Outcomes in these two groups were comparable as well. During the entire follow-up, SR was obtained by 16 patients (34.0%) in the very elderly group and 25 patients (39.1%) in the cohort aged 65–74 years (p = 0.69), with similar median SR durations of 23.0 (IQR, 13.3–60.5) and 27.1 months (IQR, 17.0–42.9), respectively (p = 0.65). Likewise, the SR rates at both 3 and 6 months were similar. Moreover, no difference in MF-related symptom alleviation rate at 6 months was evidenced (p = 0.25).
Dose reduction rates at 3 and 6 months were comparable between age groups; however, a significantly greater proportion of very elderly patients reduced their RUX dose between the third and sixth months compared to those aged 65–74 (34.0% vs. 10.9%; p = 0.004). Nevertheless, RUX doses remained comparable at both time points (Supplementary Table S2), and RR6 stratification showed no difference (p = 0.27).
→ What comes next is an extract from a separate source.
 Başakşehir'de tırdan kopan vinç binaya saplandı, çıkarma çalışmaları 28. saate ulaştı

Very elderly patients had a median RUX treatment duration of 57.5 months (95% CI, 45.6–69.4), compared to 44.3 months (95% CI, 34.9–53.8) in the 65–74 cohort, with no significant difference (Figure 3A; p = 0.22). Likewise, after a median follow-up of 60.8 months (IQR, 33.3–78.0), the median OS was 50.3 months (95% CI, 34.7–66.0) in the very elderly group and 55.3 months (95% CI, 43.7–66.9) in the 65–74 cohort, with no significant difference (Figure 3B; p = 0.86).
The incidence rates of drug-related anemia and thrombocytopenia at 3 and 6 months were similar, but more patients in the very elderly group acquired new RBC transfusion dependency at 6 months than those aged 65–74 years [41.2% (14/34) vs. 20.0% (10/50); p = 0.049] (Supplementary Table S3). Moreover, the reported cases of an infectious event grade ≥ 2 were higher in patients ≥ 75 years (9 cases—19.2%) than in patients aged 65–74 years (2 cases—3.1%) (p = 0.008).
4. Discussion
Since its approval for clinical use, RUX has been broadly adopted for the treatment of MF, with disease incidence increasing with age, thus making it essential to assess RUX-associated outcomes and AEs across different age cohorts. In this study, efficacy and safety data regarding RUX treatment across three age-defined cohorts treated at our center were discussed.
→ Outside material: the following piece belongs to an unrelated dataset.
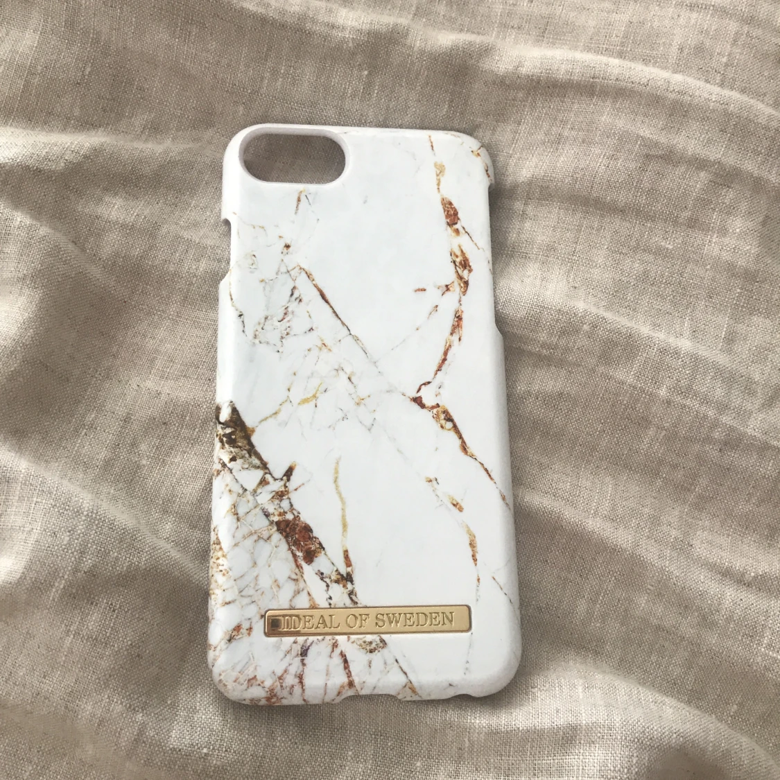 Aldrig använt Ideal Of Sweden skal i vit/guld marmor, passar till IPhone 7, frakt inkluderat i priset.

The results showed that RUX determined overall favorable therapeutic outcomes across all age cohorts, with SR rates comparable to those reported in pivotal registration trials [9,10,11,12] and confirmed by other real-world studies [26].
Nevertheless, younger patients (<65-year-old) presented overall better therapeutic outcomes than older patients (≥65-year-old), with higher rates of SR and better OS. These findings may reflect a more advanced disease phenotype at the time of RUX initiation in the older patients. Notably, the older cohort received lower initial RUX doses overall and were more frequently started on a lower-than-expected RUX dose, and this might have influenced prognosis as well. Moreover, patients ≥65 years had a greater incidence of drug-related anemia at 3 and 6 months, with a higher proportion of patients developing new RBC transfusion dependency at the two time points. These findings indicate that older patients are more susceptible to RUX-related AEs, particularly hematological ones. Indeed, patients aged ≥65 years received significantly lower RUX doses at 3 and 6 months and discontinued RUX treatment more frequently during follow-up than younger patients.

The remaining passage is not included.